The plunge in prices has increased the volume of oil Nigeria would need to allocate for repayment. It is estimated that the country may need to commit at least 100,000 barrels per day (bpd) to cover the loan, adding pressure to an already strained production system. Nigeria is currently using about 300,000 bpd to service existing oil-backed Saudi loan taken by its national oil company.
Nigeria Struggles to Meet OPEC Output Quotas
Nigeria’s ability to commit additional oil to back the Saudi loan is uncertain due to its ongoing struggles with production shortfalls. In the first quarter of the year, Nigeria averaged just 1.4 million bpd in crude output, well below its 1.8 million bpd quota set by OPEC. The shortfall has been attributed to longstanding issues, including oil theft, sabotage of infrastructure, and aging facilities.
Speaking at a local energy conference, Nigeria’s Minister of State for Gas, Ekperikpe Ekpo, urged international and domestic oil producers operating in the country to work collaboratively to increase output.
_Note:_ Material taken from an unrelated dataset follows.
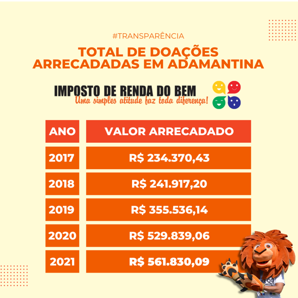 A Campanha Imposto de Renda do Bem, desenvolvida pelo Conselho Municipal dos Direitos da Criança e do Adolescente (CMDCA) de Adamantina e pelo Conselho Municipal dos Direitos da Pessoa Idosa (CMDI), com apoio da Secretaria Municipal de Assistência Social e da Prefeitura de Adamantina, obteve pelo segundo ano consecutivo uma arrecadação de mais de meio milhão de reais em doações.

Despite various efforts, Nigeria has consistently failed to meet its OPEC production targets in recent years.
Widespread theft and pipeline vandalism have deterred major international oil companies from operating in the region. These challenges have led to frequent declarations of force majeure at key crude export terminals, further disrupting output and revenue generation.
New Investments Offer Hope, But Challenges Remain
In response to the ongoing production crisis, Nigerian authorities have intensified efforts to combat oil theft and boost output. These initiatives are beginning to attract attention from international investors. Earlier this month, the Nigerian Upstream Petroleum Regulatory Commission (NUPRC) announced that ExxonMobil plans to invest up to $1.5 billion in offshore oil and gas exploration and development in Nigerian waters.
Such investments offer a glimmer of hope for Nigeria’s oil sector. However, until the country can significantly stabilize and increase its production, the viability of backing large-scale loans with crude oil remains questionable. The current impasse with Saudi Arabia underscores how fragile the situation is, relying heavily on both commodity prices and operational stability.
The fate of the $5 billion Saudi loan could set a precedent for future financing arrangements within Africa’s largest oil-producing nation. As negotiations continue, both Riyadh and Abuja will need to navigate the twin challenges of volatile oil markets and systemic production issues to reach a deal.